# I think I just ordered a freakin rare Altima



## jtkz13 (Dec 31, 2002)

We have been looking for the car I want for 4 days now. 

I want everything except for automatic, in black on black. Simple right? Nope. There are *39* black 3.5 SE's nationwide with the 5 speed & leather/sport package. Only *FIVE* have ABS. 1 is in Seattle, 1 is in Arizona, and the other 3 are in Socal. I am in metro Detroit=screwed. To have it trucked that far would be like $1500+, and they wouldnt fit the entire bill, it would end up costing me. 

So, I have finally come to the conclusion that I should just factory order it. So tommorow I'm gonna order it, and in 8-10 weeks it should be here. The nice thing about doing it this way is that it will have like 5 miles on it, and will never be taken out for a test drive. In the meantime I get to wait. 

Oh well, I guess I just have to wait for the stuff I want. I mean hell I waited like 3 1/2 months for rims so I guess I can wait 2 months for a brand new car. 

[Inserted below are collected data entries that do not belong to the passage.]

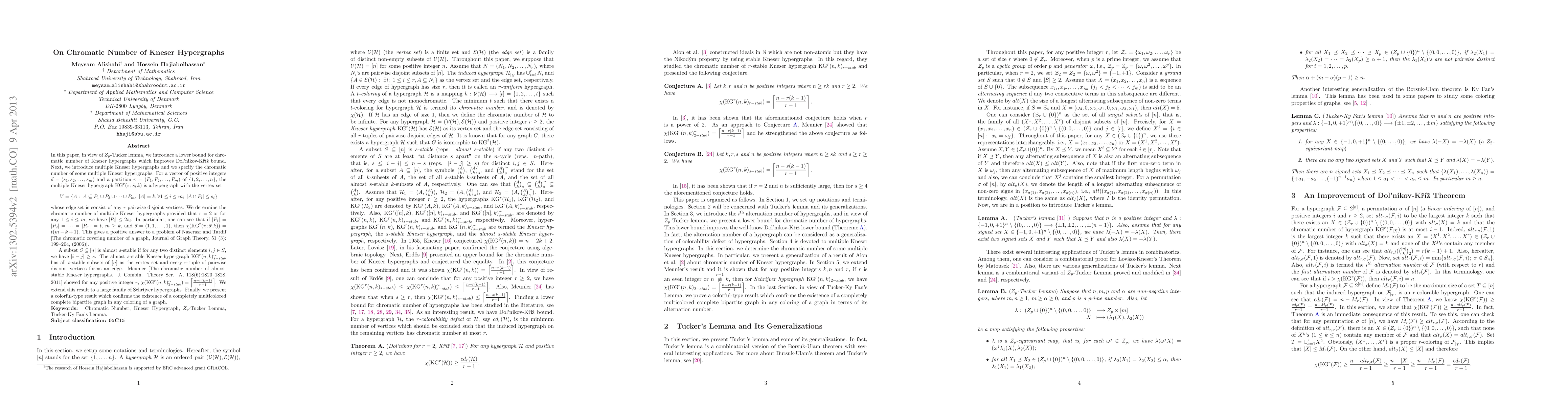In this paper, in view of $Z_p$-Tucker lemma, we introduce a lower bound for chromatic number of Kneser hypergraphs which improves Dol'nikov-K{\v{r}}{\'{\i}}{\v{z}} bound. Next, we introduce multiple Kneser hypergraphs and we specify the chromatic number of some multiple Kneser hypergraphs. For a vector of positive integers $\vec{s}=(s_1,s_2,\ldots,s_m)$ and a partition $\pi=(P_1,P_2,\ldots,P_m)$ of $\{1,2,\ldots,n\}$, the multiple Kneser hypergraph ${\rm KG}^r(\pi; \vec{s};k)$ is a hypergraph with the vertex set $$V=\left\{A:\ A\subseteq P_1\cup P_2\cup\cdots \cup P_m,\ |A|=k, \forall 1\leq i\leq m;\ |A\cap P_i|\leq s_i\right\}$$ whose edge set is consist of any $r$ pairwise disjoint vertices. We determine the chromatic number of multiple Kneser hypergraphs provided that $r=2$ or for any $1\leq i\leq m$, we have $|P_i|\leq 2s_i$. A subset $S \subseteq [n]$ is almost $s$-stable if for any two distinct elements $i,j\in S$, we have $|i-j|\geq s$. The almost $s$-stable Kneser hypergraph ${\rm KG}^r(n,k)_{s-stab}^{\sim}$ has all $s$-stable subsets of $[n]$ as the vertex set and every $r$-tuple of pairwise disjoint vertices forms an edge. Meunier [The chromatic number of almost stable Kneser hypergraphs. J. Combin. Theory Ser. A, 118(6):1820--1828, 2011] showed for any positive integer $r$, $\chi({\rm KG}^r(n,k)_{2-stab}^{\sim})=\left\lceil {n-r(k-1) \over r-1}\right\rceil$. We extend this result to a large family of Schrijver hypergraphs. Finally, we present a colorful-type result which confirms the existence of a completely multicolored complete bipartite graph in any coloring of a graph.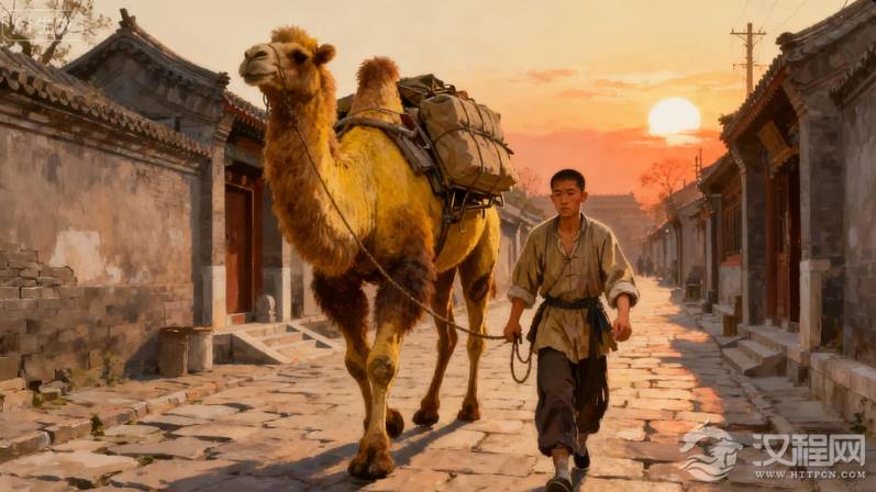 祥子与骆驼的联结,始于一场荒诞的“置换”。他失去了辛苦挣来的车,却在混乱中牵回三匹骆驼。这并非命运的补偿,而是一个残酷的象征:他失去了代表个人奋斗梦想的“车”,得到的,是注定要背负重担的“骆驼”身份。从此,他成了“骆驼祥子”——他不再是人,而是一种功能,一种背负苦难的载体。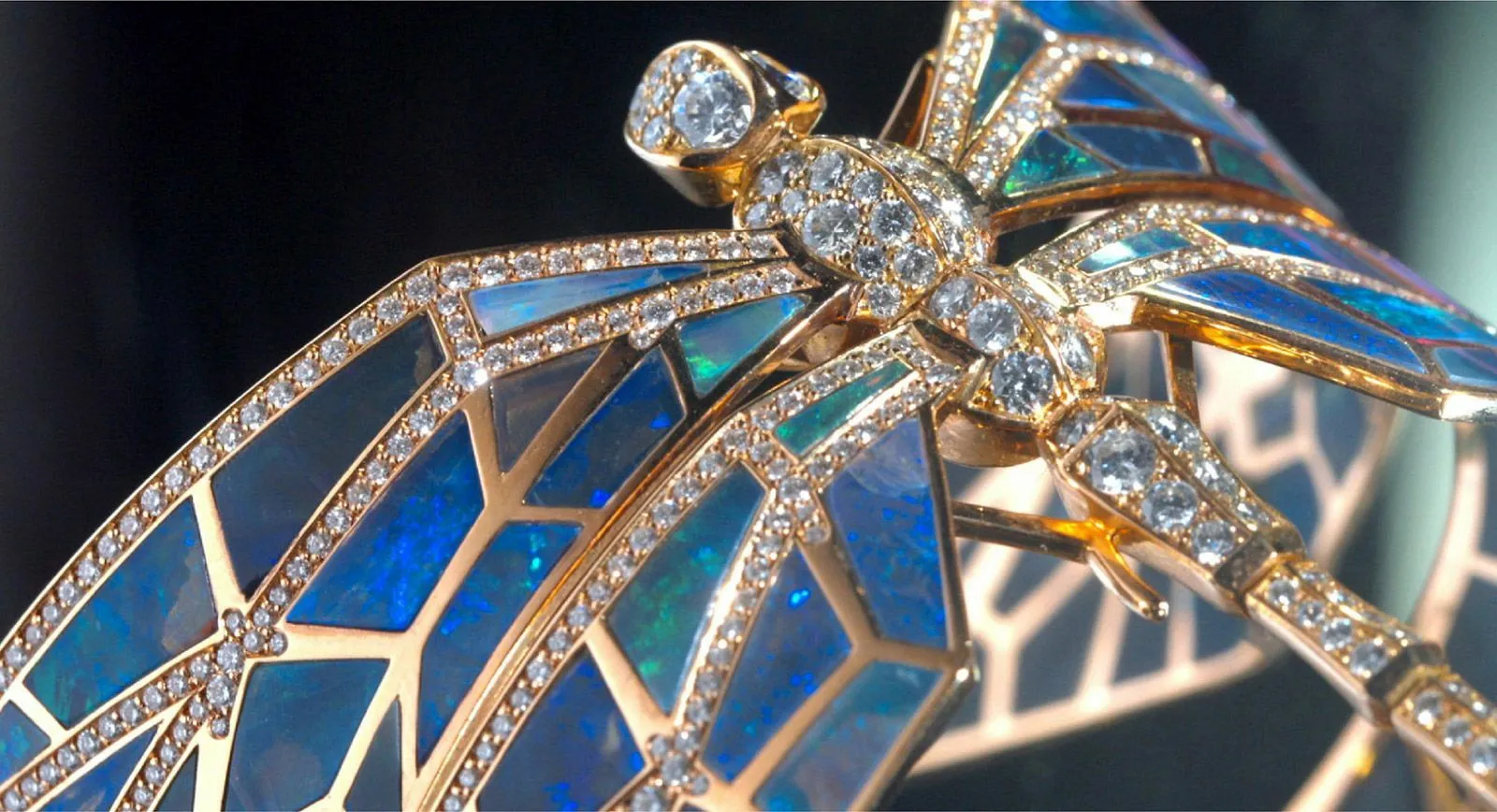 Libellule Opale Cuff by NUUN in rose gold with diamonds totalling 5,10 cts and opal totalling 120 cts

Anybody else have a 3.5SE with the following packages:

5 speed
Super black
Charcoal interior
Leather/Sport package
ABS/Side airbags
Side Sills

Just curious.


----------



## Centurion (Sep 5, 2002)

I don't want to burst your bubble but Nissan _requires_ a "tech" to test drive it before you can take delivery. It is part of the pre-delivery inspection process and must be done for liability reasons.I used to work at a Nissan dealer so that's how I know. But i do feel your pain...I would hate the idea of a grease monkey beating on my new car too, but what can you do.


----------



## jtkz13 (Dec 31, 2002)

They do it at the dealership? If so couldnt I just go along with them?


----------



## MakoMeat (Dec 4, 2002)

jtkz13 said:


> *Anybody else have a 3.5SE with the following.... ABS/Side *



I got something close:

2003 3.5 SE
Auto
Black on Black
Leather Sport Package
ABS/TSC/AirBags
Side Sils & Rear Splash gards
Farcory Chromed Wheels

You'll like the combo, its great!


----------



## jtkz13 (Dec 31, 2002)

Well actually I could have gotten your combo quite easily. The difficult part was the 5 speed. Like I said there were only 139 5 speed 3.5SSE's in the entire nation.


----------



## Centurion (Sep 5, 2002)

jtkz13 said:


> *They do it at the dealership? If so couldnt I just go along with them? *


I suppose that's possible. Just (nicely) tell the salesman it's a condition of the sale.


----------



## jtkz13 (Dec 31, 2002)

I would rather them not do it, but i can see why they have to. I alreday told them I wanted all the plastic left on, and no dealer prep done. So, I don't see how this could be a deal at all.

Thanks for the info.


----------



## Centurion (Sep 5, 2002)

They let you keep the plastic on it?? It says in bold letters "must be removed by dealer." Looks like you got a cooperative dealer.


----------



## MakoMeat (Dec 4, 2002)

jtkz13 said:


> *Well actually I could have gotten your combo quite easily. The difficult part was the 5 speed. Like I said there were only 139 5 speed 3.5SSE's in the entire nation.  *


That’s funny! When I was looking last October found many 5-speed SE in black but no autos. Waited for 2 weeks for the train to come in with my car. lol


----------



## Runnin' Scared (Nov 8, 2002)

When I was looking at Altima's I wanted a black 3.5SE 5-speed with sunroof, didn't really care much about the other options. I drove past my dealer one day and saw a black 3.5, so I stopped and checked it out. It was a 5-speed, and three days later I was driving it home. I guess I kinda lucked out because the 5-speeds are hard to come by. Hopefully I won't have too much trouble when I try to sell it (of course, that won't be anytime soon).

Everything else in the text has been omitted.